The zoning administrator, upon inspection of any site, which has or could create surface water runoff problems as a result of new development, may require the owner of said site to apply for a land alteration conditional use permit. Additionally, the owner may be required by the zoning administrator to obtain recommendations from the department of natural resources, the soil conservation service, the affected watershed district and/or the county engineer.

Sec. 22.26. - Temporary buildings and uses.

It shall be necessary to obtain a temporary land use permit to temporarily site buildings and uses in any district as follows:

A.

Time limit. Unless otherwise provided herein, the planning commission shall determine the duration of any temporary land use or building permit issued for any building or use in any district. The duration of a temporary land use permit shall not exceed two years. Temporary land use permits shall conform to the regulations of this ordinance herein. Temporary land use permits are not transferable.

B.

Recreational camping vehicles. No occupied recreational camping vehicle shall be temporarily sited on any lot, field or tract of land within the county, not specifically licensed for the purpose, except that nothing herein contained shall prohibit the parking, without charge therefore, for not more than one occupied recreational camping vehicle as a visitor on the premises of any occupied dwelling, provided that the operator of such recreational camping vehicle, within ten days after arrival, shall make application to the zoning administrator for a temporary permit, which permit shall limit the time of such parking to a period of 30 days from date of application. A permit shall not be issued unless the recreational camping vehicle is currently licensed and provided adequate sewer and water facilities exist on the lot whereon the recreational camping vehicle will be located. Said permit is not transferable.

Sec. 22.27. - Vegetative establishment adjacent to highway right-of-way.

In order to provide for future right-of-way needed for construction and to limit potential maintenance and traffic problems, certain standards are established regulating the establishment of trees, bushes and other ornamental vegetation adjacent to the roadway and located in all zoning districts.

A.

All roads and highways.

1.

Trees, bushes and other ornamental vegetation shall be setback from the centerline of all public rights-of-ways not less than:

a.

60 feet for township and county state-aid roads.

b.

100 feet for state and federal highways.

B.

Setback from ditches. Subject to the following exception, no building, structures, or trees shall hereafter be erected or planted within 75 [feet] from the centerline of any county or judicial ditch.

a.

Exception. A property owner may plant trees to within 16.5 feet of the top of the ditch within 100 feet of the ditch's inlet or outlet from a lake as measured from the lake's ordinary high water level.
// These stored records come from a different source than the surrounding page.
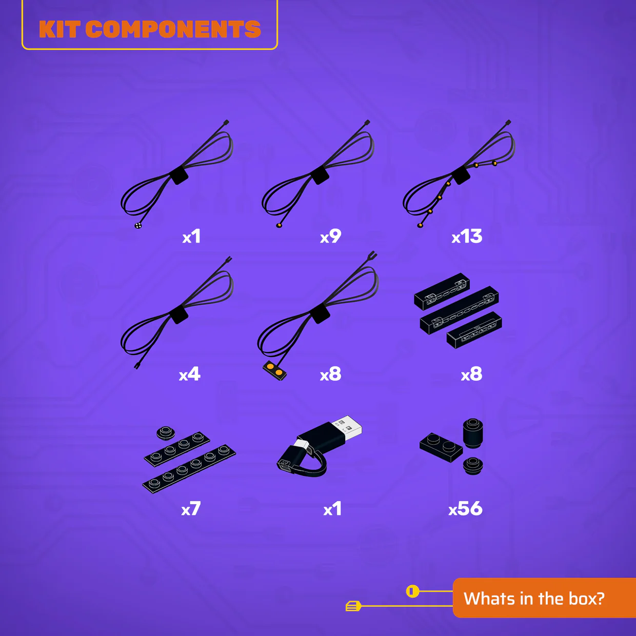 - All component casing and housing has been designed to connect seamlessly onto the LEGO stud system, with LEGO dimensional parts.
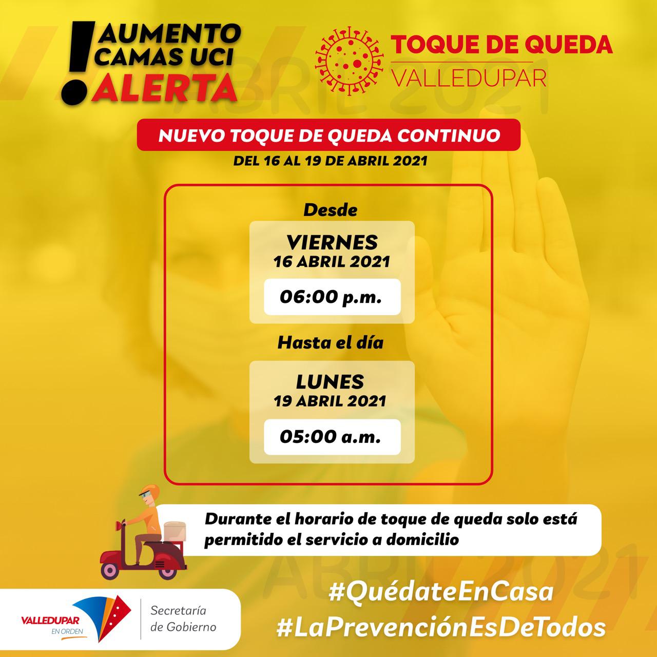 En coordinación con el Gobierno Nacional y la Gobernación del Cesar se decreta toque de queda desde hoy a las 6:00 pm hasta el lunes 19 de abril a las 5:00 am. Se permitirá servicio de domicilios y vacunación contra COVID y otras excepciones. pic.twitter.com/LJ7MiQH2Dl
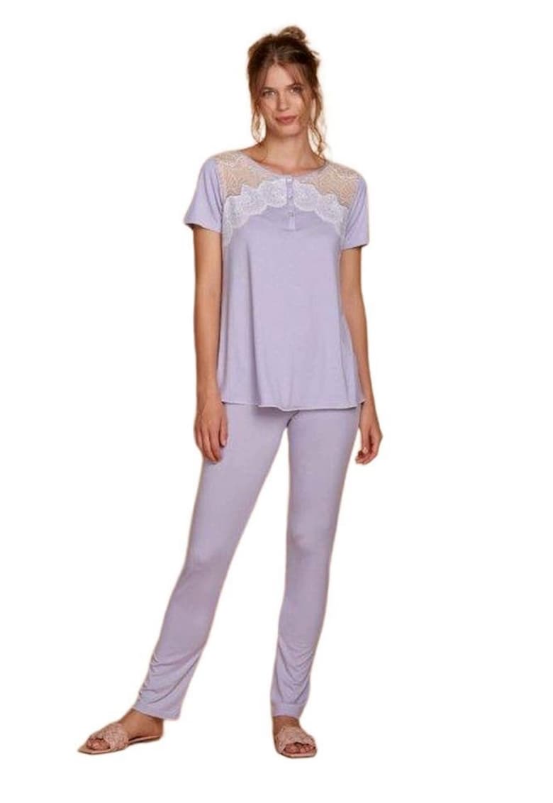 Caracteristici Tip produs: pijama Culoare: violet Material: viscoza Imprimeu: logo Decolteu: fenta scurta cu nasturi Croiala: regular fit Maneci: lungi Lungime maneca: maneca lunga Lungime pantaloni: lungi Detalii: 94% viscoza 6% elastan Sistem inchidere: fara inchidere
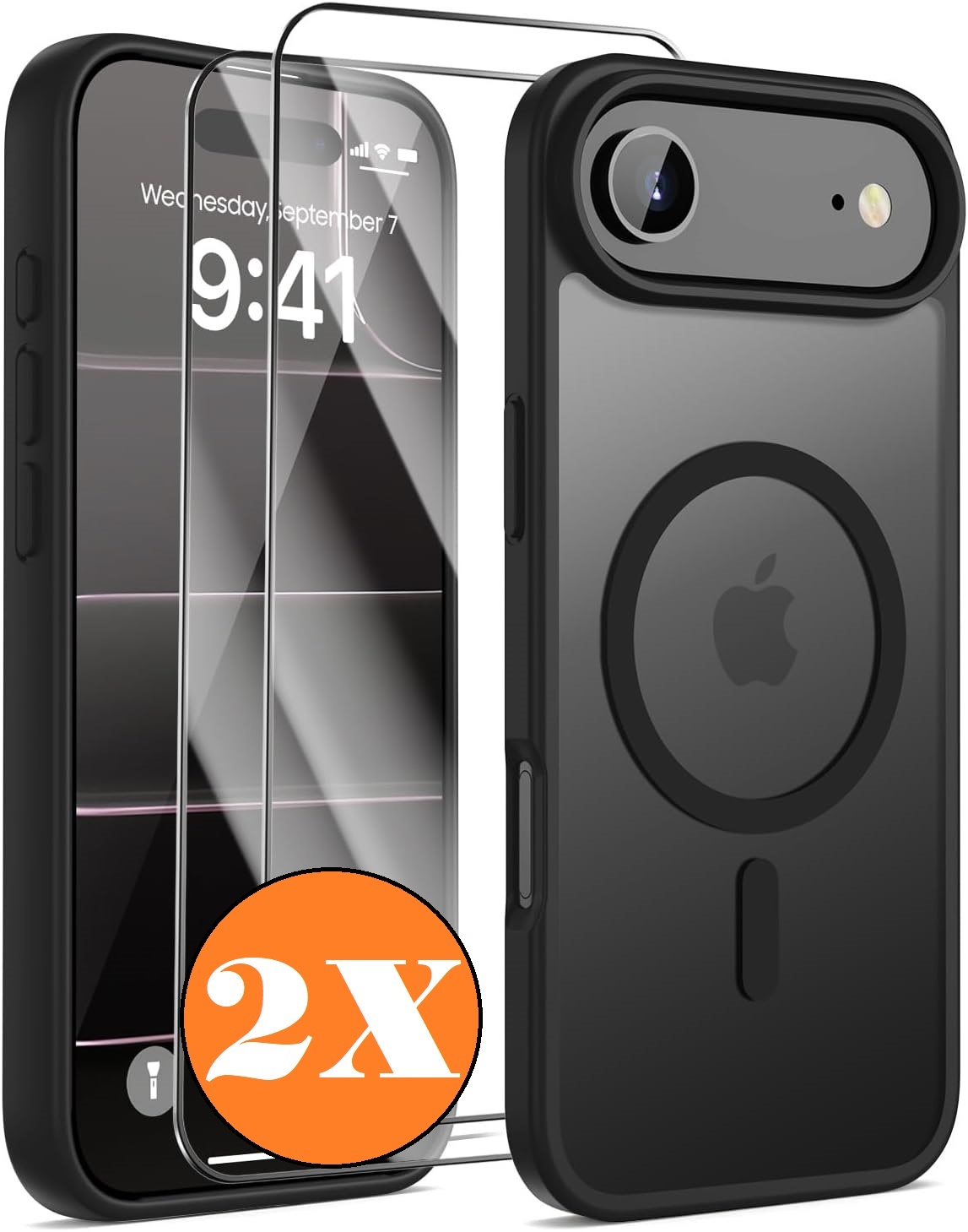 Ntech Hoesje magsafe Geschikt voor iPhone Air Hoesje – Hybrid Bumper hoesje Mat Zwart - Met iPhone Air scrennprotector
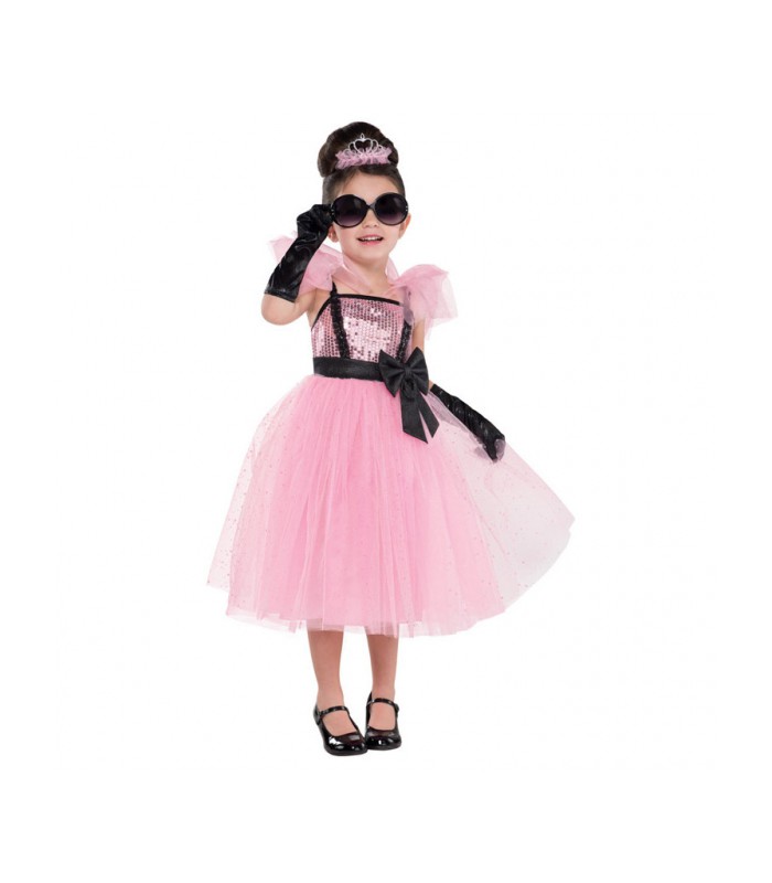 Diese Glam Princess Tutu-Mädchenverkleidung enthält ein Glamour-Kleid mit rosa Pailletten-Top, schwarze Strapsen mit flauschigen Tüll-Ärmeln und einen Rock voller rosa Tüll. Die zarte herzförmige Plastik-Tiara enthält ein gekräuseltes rosa Zierband, das mit dem Kleid koordiniert. Schwarze seidige Handschuhe und eine große Retro-Sonnenbrille sorgen für einen perfekten Prinzessin-Look !

Sec. 22.28. - Vegetative removal and cutting.

In order to prevent erosion and to preserve shoreland and forest land aesthetics, certain standards are established regulating the cutting and removal of natural vegetation. All removal and cutting of natural vegetation shall be subject to the following regulations:

A.

All districts.

1.

Natural vegetation shall be preserved insofar as practical and reasonable to retard surface runoff and soil erosion, to utilize excess nutrients in the soil to alleviate pollution problems, and to protect important segments of the natural landscape of the county.

2.

Selective tree cutting may occur on any lot or parcel of land provided that:

a.

The ultimate purpose is not to accomplish clear cutting over a period of time.

b.

An adequate stand of trees at least three inches in diameter, is maintained over at least 75 percent of the area containing trees on the effective date of this ordinance.

c.

Adequate safeguards to protect against erosion are implemented.

d.

Setback from ditches. Subject to the following exception, no building, structures, or trees shall hereafter be erected or planted within 75 from the centerline of any county or judicial ditch.

1.

Exception. A property owner may plant trees to within 16.5 feet of the top of the ditch within 100 feet of the ditch's inlet or outlet from a lake as measured from the lake's ordinary high water level.

3.

Clear cutting of natural vegetation on any lot or parcel of five acres or more shall be prohibited, except upon issuance of a conditional use permit, unless provided for otherwise by this section. An application for such a permit shall include the following:

a.

A full description of the land where the clear cutting operation is proposed to take place.

b.

A statement of the purpose of the clear cutting operation, intent of replanting, disposal program and program of land restoration and use.

c.

The estimated time when the clear cutting is to begin and will be completed.

d.

Description of measures to be taken to protect against soil erosion, fire hazards and damages to public roads.

e.

Site analysis addressing soil characteristics and suitability for the proposed use compiled by the district SCS office.

4.

Nothing in this section shall be deemed to prevent:

a.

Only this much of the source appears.